How do I extract or parse the highlighted nodelist="ABC[0002-0004,0006-0008,0073,0081,0085-0086,0089-0090,0094-0095,0097-0098] into a new field called host and the host values for first event would be host= abc0002 and host=abc0006 similarly for second event it should be host= abc0002 host= abc0003 host= abc0004 host=abc0006 host= abc0007 host= abc0008 host=abc0073
host= abc0081 host=abc0095 host= abc0097 host=abc0098
Thanks in Advance
| rex "nodelist=\"(?<nodelist>[^\"]+)"
| rex field=nodelist "(?<prefix>\w+)\[(?<suffix>[^\]]+)\]"
| eval suffix=split(suffix,",")
| mvexpand suffix
| eval start=mvindex(split(suffix,"-"),0)
| eval end=mvindex(split(suffix,"-"),1)
| eval end=coalesce(end,start)
| eval range=mvrange(start,end+1)
| mvexpand range
| eval host=prefix.printf("%04d",range)
Create a calculated field based on value from the nodelist field.
Having said that - don't overwrite the default host field.
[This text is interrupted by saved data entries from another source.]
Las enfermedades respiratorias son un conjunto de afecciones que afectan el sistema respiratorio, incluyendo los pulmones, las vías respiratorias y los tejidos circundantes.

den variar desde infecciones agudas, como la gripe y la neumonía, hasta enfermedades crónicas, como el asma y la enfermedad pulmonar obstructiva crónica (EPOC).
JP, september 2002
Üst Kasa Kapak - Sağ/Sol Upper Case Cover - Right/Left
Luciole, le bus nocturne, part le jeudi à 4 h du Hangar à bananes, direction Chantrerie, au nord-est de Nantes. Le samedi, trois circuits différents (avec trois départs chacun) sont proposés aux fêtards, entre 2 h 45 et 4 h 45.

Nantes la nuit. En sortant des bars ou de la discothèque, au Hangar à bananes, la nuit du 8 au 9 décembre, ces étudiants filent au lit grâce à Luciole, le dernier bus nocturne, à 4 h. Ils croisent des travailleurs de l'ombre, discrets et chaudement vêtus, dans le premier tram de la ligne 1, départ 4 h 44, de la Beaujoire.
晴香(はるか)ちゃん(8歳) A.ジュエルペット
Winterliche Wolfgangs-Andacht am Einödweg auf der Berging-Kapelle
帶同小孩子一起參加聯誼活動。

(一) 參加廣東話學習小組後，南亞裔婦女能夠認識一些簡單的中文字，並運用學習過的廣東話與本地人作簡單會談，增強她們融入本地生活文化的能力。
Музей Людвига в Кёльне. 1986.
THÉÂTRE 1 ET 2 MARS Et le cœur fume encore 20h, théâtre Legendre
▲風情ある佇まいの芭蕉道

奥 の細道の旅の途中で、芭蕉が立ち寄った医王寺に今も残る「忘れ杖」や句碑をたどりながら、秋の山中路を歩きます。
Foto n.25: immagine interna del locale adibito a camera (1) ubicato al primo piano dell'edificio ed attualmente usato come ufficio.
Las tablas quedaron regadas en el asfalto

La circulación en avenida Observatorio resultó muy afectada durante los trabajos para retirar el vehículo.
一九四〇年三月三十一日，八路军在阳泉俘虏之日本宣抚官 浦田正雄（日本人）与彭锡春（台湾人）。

Find another name - hostname, reporting_host, whatever, just don't use the default field host.
| rex "nodelist=\"(?<nodelist>[^\"]+)"
| rex field=nodelist "(?<prefix>\w+)\[(?<suffix>[^\]]+)\]"
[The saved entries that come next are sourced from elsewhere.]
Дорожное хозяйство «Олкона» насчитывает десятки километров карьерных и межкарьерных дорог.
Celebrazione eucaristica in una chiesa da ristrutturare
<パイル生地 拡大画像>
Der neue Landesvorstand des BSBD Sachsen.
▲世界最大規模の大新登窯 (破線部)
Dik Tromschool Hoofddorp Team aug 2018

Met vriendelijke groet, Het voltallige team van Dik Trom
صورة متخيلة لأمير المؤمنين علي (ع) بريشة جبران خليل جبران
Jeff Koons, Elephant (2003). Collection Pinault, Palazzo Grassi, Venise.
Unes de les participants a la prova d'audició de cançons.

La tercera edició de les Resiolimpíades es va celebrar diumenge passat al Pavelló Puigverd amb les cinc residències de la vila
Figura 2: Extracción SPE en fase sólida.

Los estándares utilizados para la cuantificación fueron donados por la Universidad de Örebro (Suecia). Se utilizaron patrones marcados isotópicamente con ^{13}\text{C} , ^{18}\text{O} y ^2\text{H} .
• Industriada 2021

| eval suffix=split(suffix,",")
| mvexpand suffix
| eval start=mvindex(split(suffix,"-"),0)
| eval end=mvindex(split(suffix,"-"),1)
| eval end=coalesce(end,start)
| eval range=mvrange(start,end+1)
| mvexpand range
| eval host=prefix.printf("%04d",range)
@ITWhisperer Thank you for your reply....This also worked....but I was looking more for a multivalue field..Thanks for this search
I think you missed some numbers in your second example
nodelist="ABC[0002-0004,0006-0008,0073,0081,0085-0086,0089-0090,0094-0095,0097-0098]"
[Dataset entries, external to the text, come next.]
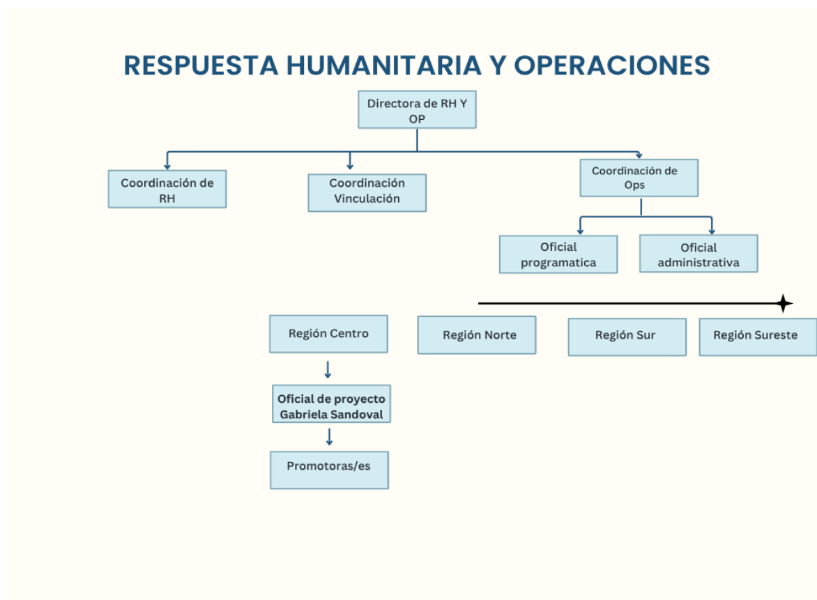
Figura 3. Organigrama.

Actualmente, la organización cuenta con una plantilla de 150 personas a nivel nacional. Sin embargo, forme parte de la Dirección de Respuesta Humanitaria y Operaciones, específicamente en la región Centro de CDMX y Estado de México.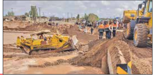
سیل در جنوب کرمان/ایستا

وزیر کشور با اشاره به اینکه تصمیمات خوبی در ستاد مدیریت بحران برای جنوب استان کرمان گرفته شده است، گفت: سیل بند جیرفت باید حدود ۱۵۰ کیلومتر ترمیم و بازسازی شود و منابع مالی برای آن نیز در نظر گرفته شده است. به گزارش ایرنا، احمد وحیدی که تا شامگاه پنجشنبه در کرمان حضور داشت، با اشاره به بازدیدهای میدانی مناطق سیل زده جنوب استان افزود: در نشست با ستاد مدیریت بحران کرمان با همه مسئولان استانی و برخی از مسئولان ملی تصمیم گیری و هر کدام از وظایف و تعهداتی که دستگاه های ملی و استانی پذیرفته بودند در این جلسه مشخص شد. همچنین در حوزه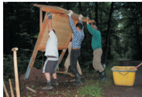
Die fleißigen Helfer beim aufstellen der Informationstafel.

zig kleine Vogelfreunde, trotz Regen mit der Vogelkunde bedient. Die Ausbeute an Vögeln war gering: Haussperlinge am Rathaus, einige vorbei fliegende Tauben und ein Grünfink. Die Nestersuche in den Kugelhornbäumchen dagegen war äußerst erfolgreich. Die anschließende Auswertung der Nester im Bürgersaal mit Frühstück ließ die Kinder das Regenwetter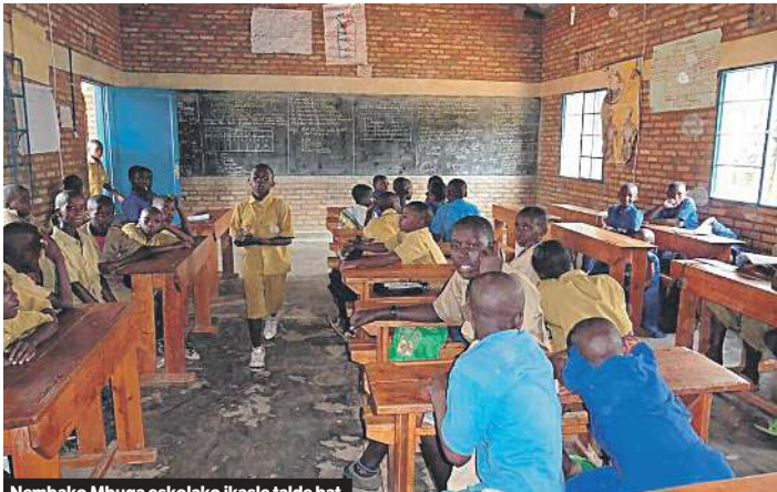
Nembako Mbuga eskolako ikasle talde bat. Lehen hezkuntza doakoa eta derrigorrezkoa da Ruandan. I. DIEZ DE ULTZURRUN SAGALA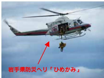
防災ヘリによる防災航空隊 救助デモンストレーション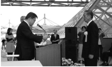
問合せ先 消防署 自主防災担当 ☎68♦5110

日ごろから防災活動に積極的に取り組み地域防災力の向上に貢献していることが認められたものです。その他、県内6団体が表彰されました。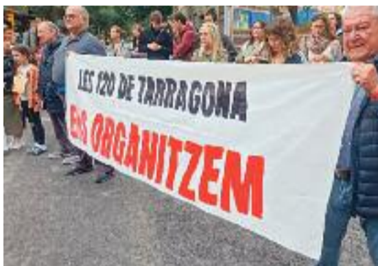
Una protesta dels veïns i un forat a la paret que haurien causat les obres dels pisos.

Per si no n'hi hagués prou, en Xavi subratlla que no saben fins quan s'allargarà aquesta situació. "Encara queden una pila de pisos amb llogaters, podrien trigar anys a reformar-los tots", diu, amb l'esperança que el degoteig d'expulsions i reformes s'aturi. En aquest sentit, confia que les administracions hi puguin fer alguna cosa. De fet, poc després que es fessin públiques les intencions de la propietat (la immobiliària Gallardo), l'Ajuntament va anunciar que retiraria la llicència turística a 69 dels

as there should be 85,86,89,90,94 giving 16 in total.
Anyway, this search will extract the nodelist and expand out all the range values and then make a new multi-value field called host
| rex "nodelist=\"(?<prefix>[^\[]*)\[(?<ids>[^\]]*)"
| eval ids=split(ids, ",")
| eval ranges=mvfilter(match(ids,"-"))
| eval ids=mvfilter(!match(ids,"-"))
| eval idlist=mvsort(mvappend(ids, mvmap(ranges, mvrange(tonumber(replace(ranges, "-\d+", "")), tonumber(replace(ranges, "\d+-", "")) + 1, 1))))
| eval host=mvmap(idlist, printf("%s%04d", prefix, idlist))
| fields - idlist ids prefix ranges
This is a bit convoluted, as it has to determine which are individual values and which are ranges, so it first gets the ids and separates out the ranges and the single value numbers into ids and ranges fields.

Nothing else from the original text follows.